In general, all OM in shale can be classified into primary sedimentary OM (i.e. kerogen) (Hunt, 1996; Tissot and Welte, 1984) and secondary OM, such as oil and SB (Jacob, 1985; Jarvie et al., 2007). The former deposits with sediments and the latter evolved later from the primary sedimentary OM. The OM of shale in lacustrine environments mainly originates from nearshore woody plants and phytoplankton in central lakes. The OM is rich in various macerals, and the heterogeneity of the OM pores is extremely high. To understand the effects of different types of OM on pore development, this work takes the Shahezi shale in the Changling Fault Depression as an example to mainly emphasize the role of various kinds of OM present in shale. The specific objectives of this work are a systematic identification of all types of organic macerals and the observation of pore development associated with each maceral jointly using field emission SEM (FE-SEM) and optical microscopy.

Geological setting and samples

The Changling Fault Depression that located toward the south of the Central Depression Zone is the largest secondary structural unit with an area of 1.3 × 10⁴ km² in the Songliao Basin (Figure 1(a)). Consistent with the basin tectonic movements, the Changling Fault Depression experienced three distinct stages of evolution: rifting, subsidence, and tectonic reversal (Cai et al., 2017; Wei et al., 2010). The rifting stage can be further divided into three distinct segments: initial, maximum, and late rifting, which correspond to the sedimentary deposition of the Huoshiling Formation (J₃h), Shahezi Formation (K₁sh), and Yingcheng Formation (K₁yc), respectively (Zhang et al., 2010) (Figure 1(b)). Considering differences in intensity of faulting, the Changling Fault Depression can be divided into seven secondary half-graben depressions: Qian’an sag, Qianshenzi sag, Heidimiao sag, Changling sag, Longfengshan sag, Zhaganhua sag, and Fulongquan sag. During the Shahezi stage, the depression continued to expand, and the sedimentary environment became a braided delta–lake–subaqueous fan system (Cai et al., 2017; Wang et al., 2016). The lake deposit is dominated by a thick set of dark shales with thin interbedded sandstone layers.

Figure 1.

Geologic map of the Changling Fault Depression, Songliao Basin, Northeast China. (a) Location of the study area and the tectonic units of the Changling Fault Depression and (b) geological profile along line AA′ (see AA′ for the location of the cross section in A).

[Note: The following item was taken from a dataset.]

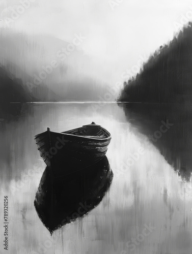 A serene lake at dawn with a lone rowboat gently floating amid misty woodlands

For this study, a total of six core samples of the Lower Cretaceous Shahezi Formation were used to investigate the organic pore heterogeneity of lacustrine shale. They were collected from wells B2, SL2, and S103 (Figure 1). The lithology of the samples is mainly gray, dark gray, and black shale. The depth of these cores ranges from 2663.7 m to 3942.1 m. All six samples were subjected to geochemical and petrologic analysis. The total organic carbon (TOC) content ranges from 0.9 wt.% to 3.6 wt.%. The Ro ranges from 1.44% to 2.4%, indicative of a high- to over-mature stage. The minerals mainly comprise of clay minerals (31.1–69.4%, averaging 53.5%) and quartz (6.9–56.9%, averaging 35.0%). The detailed geochemical and petrological characteristics were reported in Table 1 in Gao et al. (2018).

Table 1.

Maceral composition of six shale samples.

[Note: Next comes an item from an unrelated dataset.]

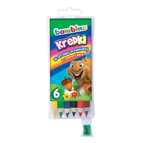 Wysokiej jakości kredki z glinki kaolinowej w drewnianej oprawie. Charakteryzują się wyjątkowo intensywnymi i nasyconymi kolorami. Doskonale kryją, idealnie nadają się do rysowania, wypełniania dużych powierzchni i wykonywania miękkich przejść pomiędzy kolorami. Kredki są grube, odpowiednio wyważone, przez co idealnie dopasowują się do małej dłoni dziecka. Produkowane są w Polsce, w zgodności z dyrektywą Parlamentu Europejskiego i Rady w sprawie bezpieczeństwa zabawek oraz rozporządzeniem Ministerstwa Gospodarki w sprawie zasadniczych wymagań dla zabawek, co gwarantuje bezpieczeństwo kredek Bambino. Opakowanie foliowe mix 6 kolorów + temperówka.

Sample ID	Content of OM macerals (vol.%)			Ro (%)
Sample ID	SB	Vitrinite	Inertinite	Ro (%)
SL2-N06	3.00	88.00	9.00	1.96
SL2-N09	1.50	84.50	14.00	1.95
SL2-N11	0.80	89.20	10.00	1.99
B2-N04	5.56	83.33	11.11	2.10
B2-N10	1.80	89.80	8.40	2.07
S103-N05	4.80	86.30	8.90	1.68

OM: organic matter.

Experiments and methods

FE-SEM analysis

FE-SEM observations were conducted at the Micro-nanostructure Imaging Laboratory in the Institute of Geology and Geophysics, Chinese Academy of Sciences. For the purpose of fixed location observation, it is important to note that during the observation, the relative positions of all observed OM particles under FE-SEM should be labeled and located so that they can be easily found under optical microscopy. The specific method is to select a characteristic OM as the starting marker and then observe in a specific direction from the OM. In this way, the characteristic OM and other OM particles can be all tracked following the marked direction using FE-SEM and optical microscopy. In addition, we perform an energy spectrum analysis on OM to facilitate subsequent compositional analysis during FE-SEM observation.

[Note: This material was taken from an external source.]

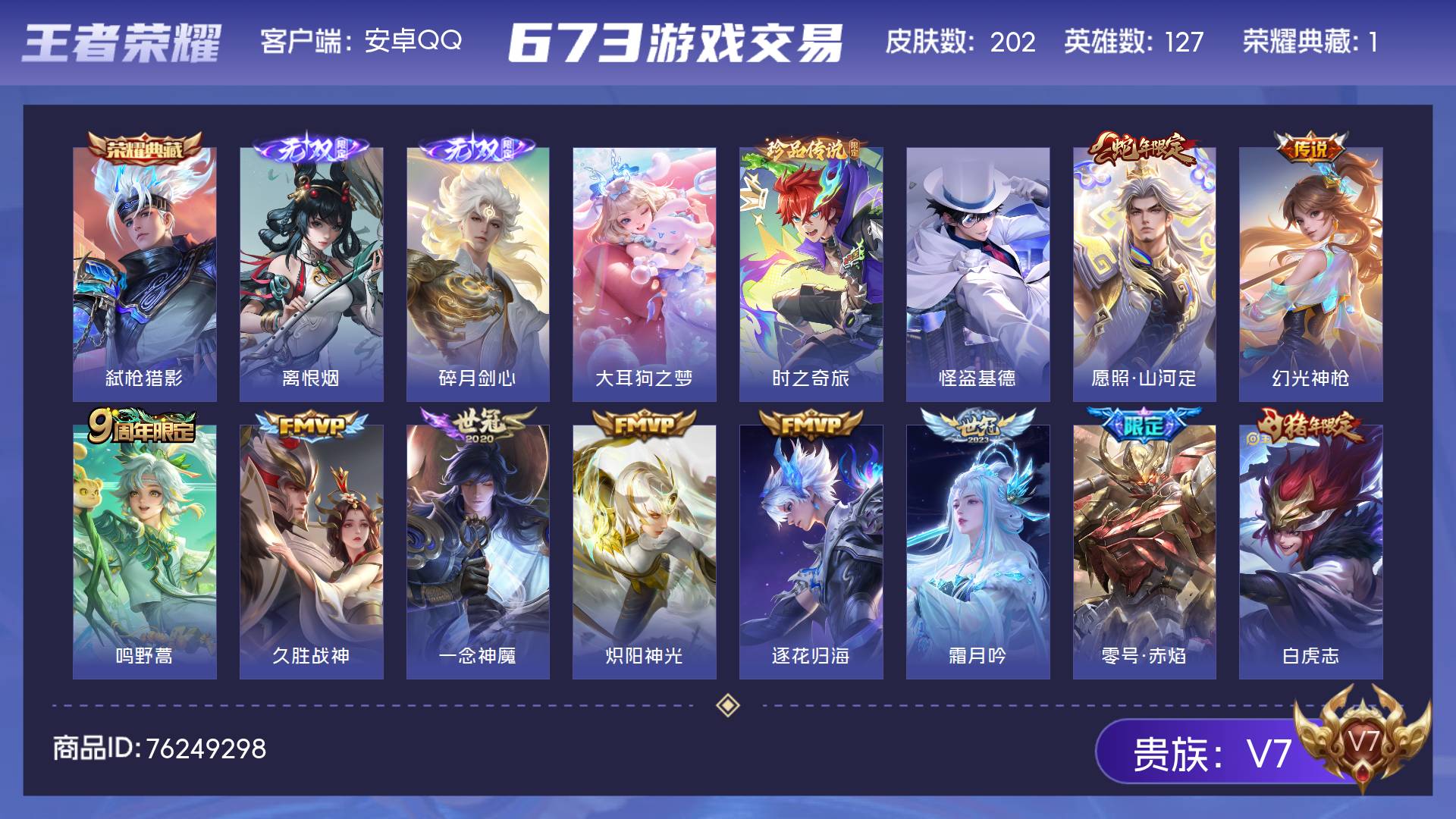 V7 皮肤202 英雄127 至尊星耀 荣耀典藏1 无双皮肤2 珍品传说3 传说10

Optical microscope analysis

The optical microscopy observation with reflected light and oil immersion aims to: (a) determine vitrinite reflectance (VRo) and SB reflectance (SBRo), (b) determine the statistics of organic petrographic composition, and (c) identify each OM maceral. The samples that were used to measure Ro and quantify maceral composition were crushed and then prepared as whole-rock slice. The detailed procedure of Ro measurement and maceral identification was summarized in Taylor et al. (1998). The samples that used to determine the type of OM were the same blocks used in the FE-SEM imaging. Only in this way, the OM that was marked using FE-SEM can be found and identified under reflected light and oil immersion. The classification of organic maceral is based on Cheng et al. (1989). During the imaging with optical microscopy, the point of interest selected in the first large view via FE-SEM is located to ensure the same field of view. Subsequent observations followed the same direction as that through FE-SEM.

Results

Maceral compositions and characteristics

The maceral composition of the samples is listed in Table 1. The OM particles of samples are mainly vitrinite, inertinite, and SB. The content of SB is generally low, ranging between 0.80 vol.% and 5.56 vol.% of OM (Table 1). Compared with primary macerals, the most remarkable feature of secondary SB is the lack of a specific shape, usually determined by space infilling (Cardott et al., 2015; Guo et al., 2018; Hackley and Cardott, 2016; Mastalerz et al., 2018). Under oil-immersion reflected light, the color of SB varies from gray to dark gray (Figure 2(c) and (d), 3, and 4). The SB does not show fluorescence under blue fluorescent light (Figure 2(c) and (d)). Sometimes the optically homogeneous SB is easy to confuse with vitrinite by only considering the color (Figures 3(a) and 6(f)). However, SB could be further differentiated by its low relief and irregular shape.

Figure 2.

Photomicrographs of macerals in (a), (c), and (e) oil-immersion reflected light and (b), (d), and (f) blue fluorescent light: . (a) and (b) SL2-N06: telinite with cellular structure, vitrodetrinite; (c) and (d) S103-N05: fusinite with cellular structure, vitrodetrinite, and filled SB; (e) and (f) S103-N05: perhydrous vitrinite with light brown fluorescence, flaky SB, vitrodetrinite, and inertodetrinite.

Figure 3.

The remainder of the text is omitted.